What you have to do
Reproduce all the lines below exactly and omit the images.

Data below
+--

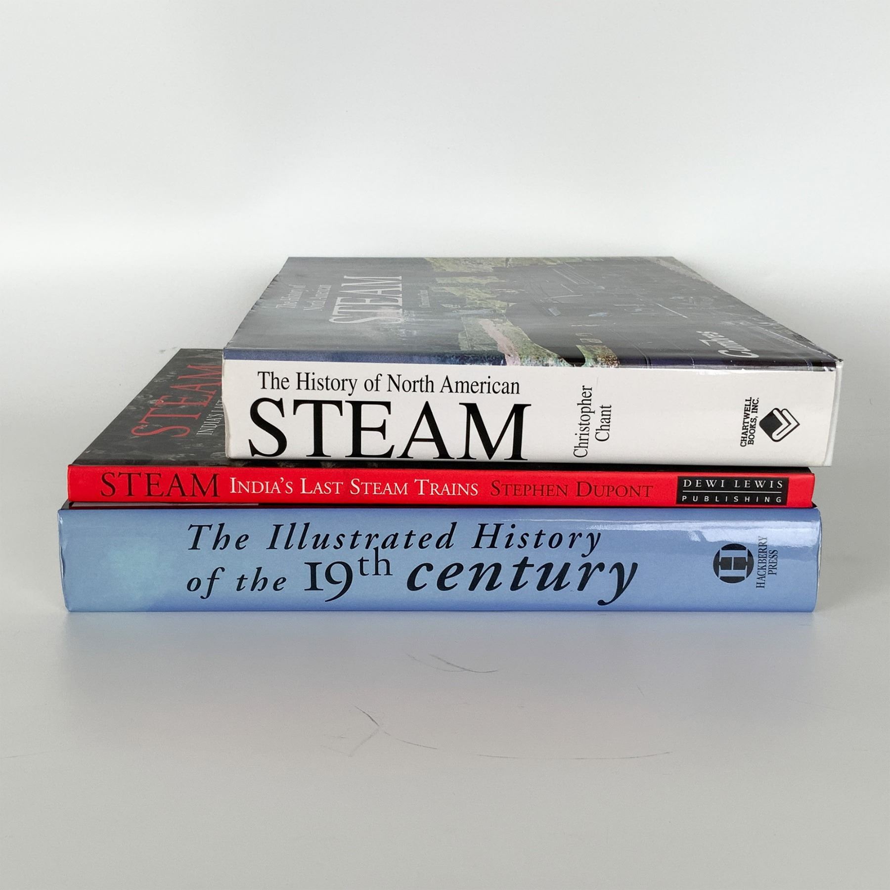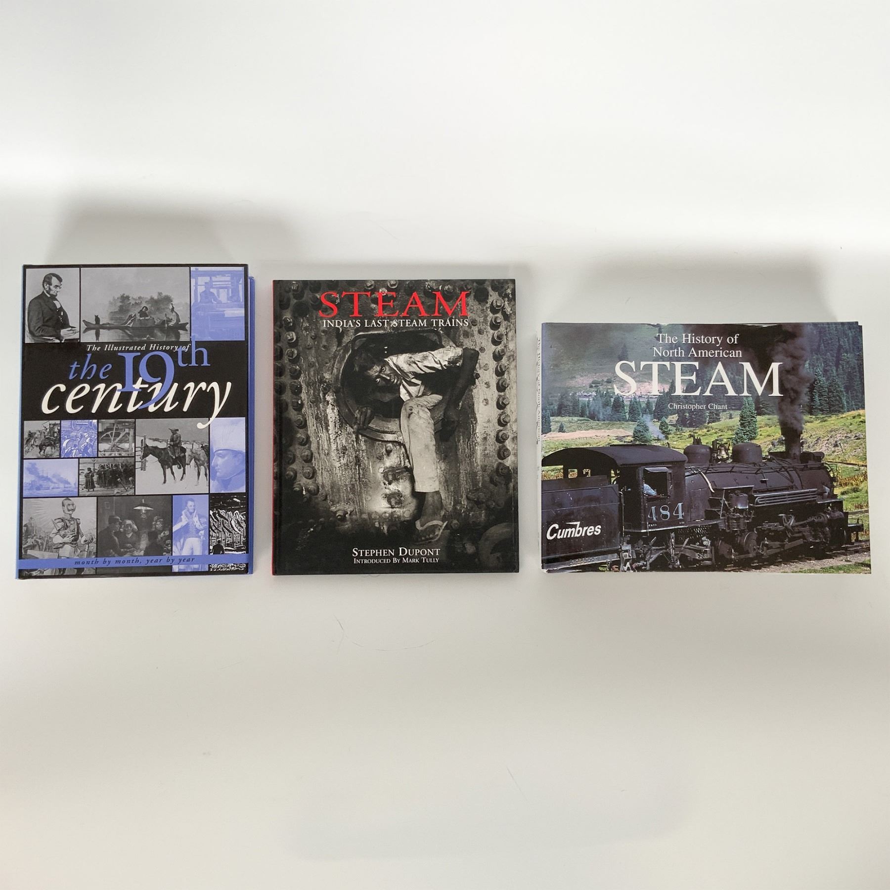 This lot features three hardcover books covering steam train history and 19th-century events. Included are The Illustrated History of the 19th Century, a visually rich exploration of significant historical events and advancements of the 1800s; Steam: India's Last Steam Trains by Stephen Dupont, an evocative photographic journey documenting the final era of steam locomotives in India, published by Dewi Lewis; and The History of North American Steam by Christopher Chant, which chronicles the development and legacy of steam trains across the continent. This collection is ideal for history enthusiasts and railway aficionados.
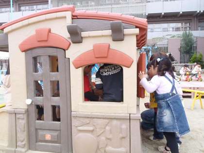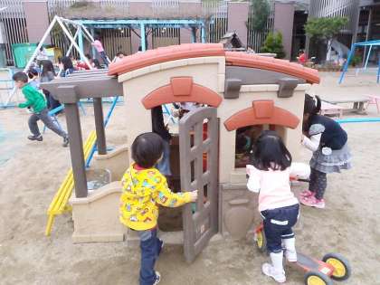 幼稚園の園庭にはかわいいお家があります。
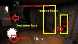 - すべての部屋、場所で、おばあさんから隠れることができます。ベッドの下、キャビネット、ボックスのように。近くに行って、右上隅のアイコンをタップするだけです

+--

Answer for this exercise
 This lot features three hardcover books covering steam train history and 19th-century events. Included are The Illustrated History of the 19th Century, a visually rich exploration of significant historical events and advancements of the 1800s; Steam: India's Last Steam Trains by Stephen Dupont, an evocative photographic journey documenting the final era of steam locomotives in India, published by Dewi Lewis; and The History of North American Steam by Christopher Chant, which chronicles the development and legacy of steam trains across the continent. This collection is ideal for history enthusiasts and railway aficionados.
 幼稚園の園庭にはかわいいお家があります。
 - すべての部屋、場所で、おばあさんから隠れることができます。ベッドの下、キャビネット、ボックスのように。近くに行って、右上隅のアイコンをタップするだけです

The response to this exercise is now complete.